### What you have to do
Copy the data that appears below exactly. Drop the pictures.

[[ Data, beginning ]]

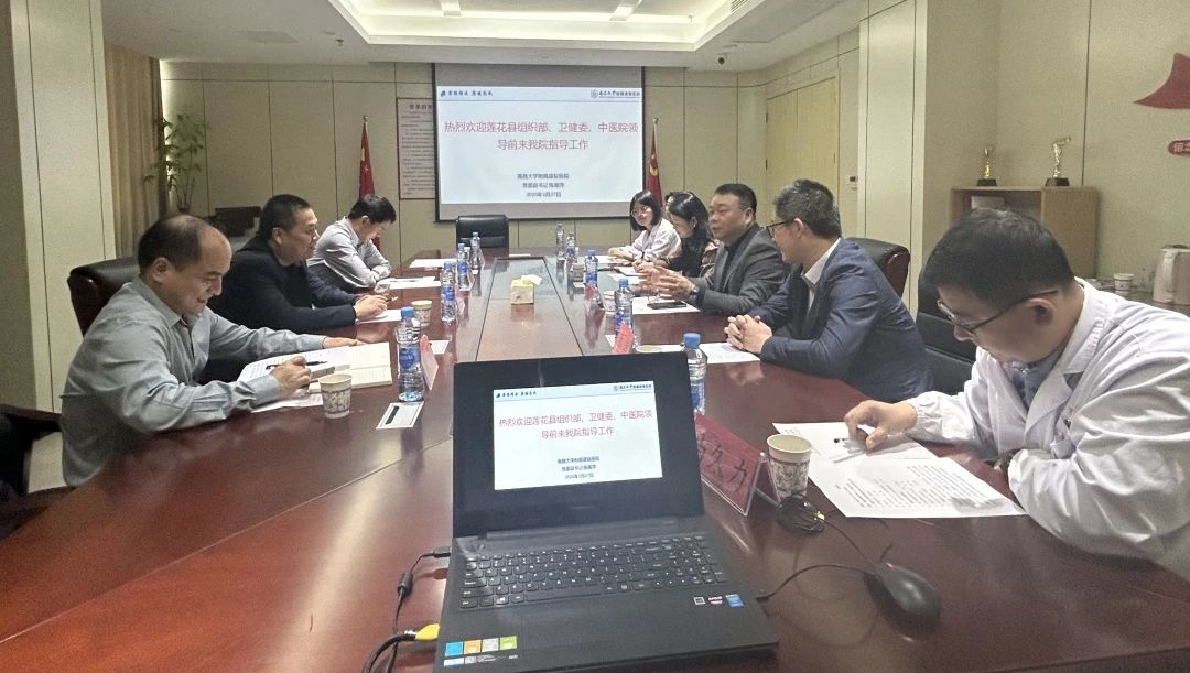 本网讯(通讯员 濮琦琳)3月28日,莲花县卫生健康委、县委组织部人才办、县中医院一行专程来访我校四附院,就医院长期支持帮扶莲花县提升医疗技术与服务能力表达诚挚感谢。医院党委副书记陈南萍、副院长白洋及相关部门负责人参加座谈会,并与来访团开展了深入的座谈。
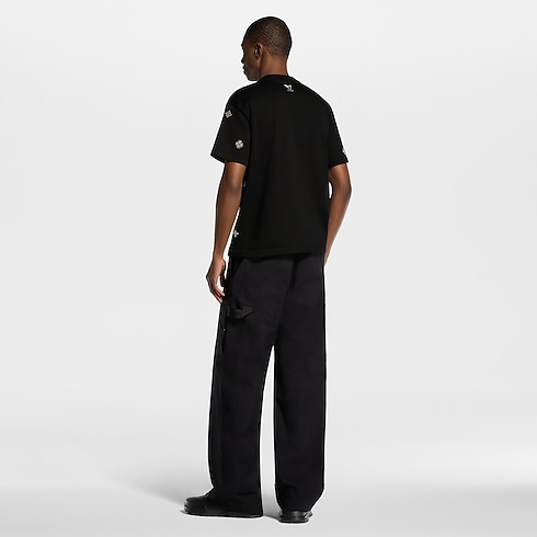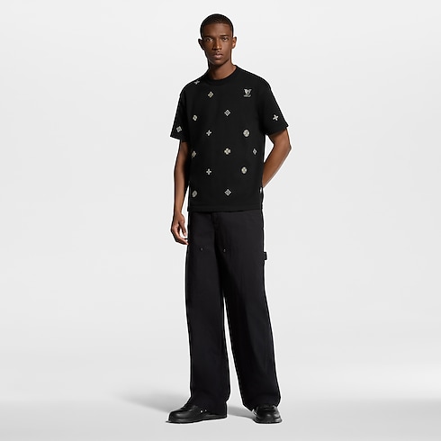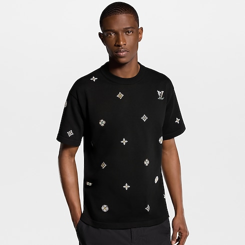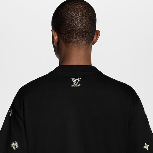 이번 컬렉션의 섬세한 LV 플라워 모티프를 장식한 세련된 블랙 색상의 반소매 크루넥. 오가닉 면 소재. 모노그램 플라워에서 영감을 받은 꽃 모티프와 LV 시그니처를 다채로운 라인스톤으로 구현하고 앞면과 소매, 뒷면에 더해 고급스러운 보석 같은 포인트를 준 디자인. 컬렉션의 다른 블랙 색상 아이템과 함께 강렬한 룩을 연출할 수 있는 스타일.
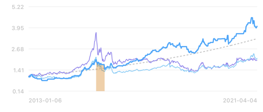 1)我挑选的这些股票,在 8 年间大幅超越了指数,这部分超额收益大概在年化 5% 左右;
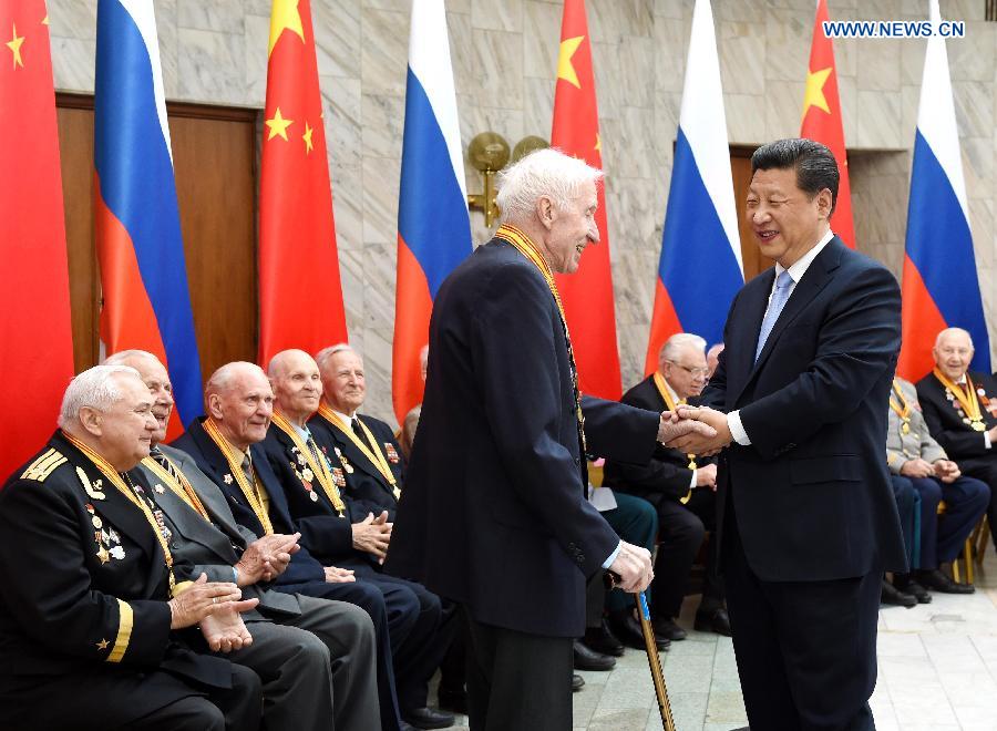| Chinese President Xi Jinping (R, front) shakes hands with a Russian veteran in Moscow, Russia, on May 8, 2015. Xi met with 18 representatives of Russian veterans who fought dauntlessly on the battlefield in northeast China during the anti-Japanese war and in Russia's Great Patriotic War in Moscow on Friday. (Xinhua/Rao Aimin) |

[[ Data, end ]]

### Answer below
 本网讯(通讯员 濮琦琳)3月28日,莲花县卫生健康委、县委组织部人才办、县中医院一行专程来访我校四附院,就医院长期支持帮扶莲花县提升医疗技术与服务能力表达诚挚感谢。医院党委副书记陈南萍、副院长白洋及相关部门负责人参加座谈会,并与来访团开展了深入的座谈。
 이번 컬렉션의 섬세한 LV 플라워 모티프를 장식한 세련된 블랙 색상의 반소매 크루넥. 오가닉 면 소재. 모노그램 플라워에서 영감을 받은 꽃 모티프와 LV 시그니처를 다채로운 라인스톤으로 구현하고 앞면과 소매, 뒷면에 더해 고급스러운 보석 같은 포인트를 준 디자인. 컬렉션의 다른 블랙 색상 아이템과 함께 강렬한 룩을 연출할 수 있는 스타일.
 1)我挑选的这些股票,在 8 年间大幅超越了指数,这部分超额收益大概在年化 5% 左右;
| Chinese President Xi Jinping (R, front) shakes hands with a Russian veteran in Moscow, Russia, on May 8, 2015. Xi met with 18 representatives of Russian veterans who fought dauntlessly on the battlefield in northeast China during the anti-Japanese war and in Russia's Great Patriotic War in Moscow on Friday. (Xinhua/Rao Aimin) |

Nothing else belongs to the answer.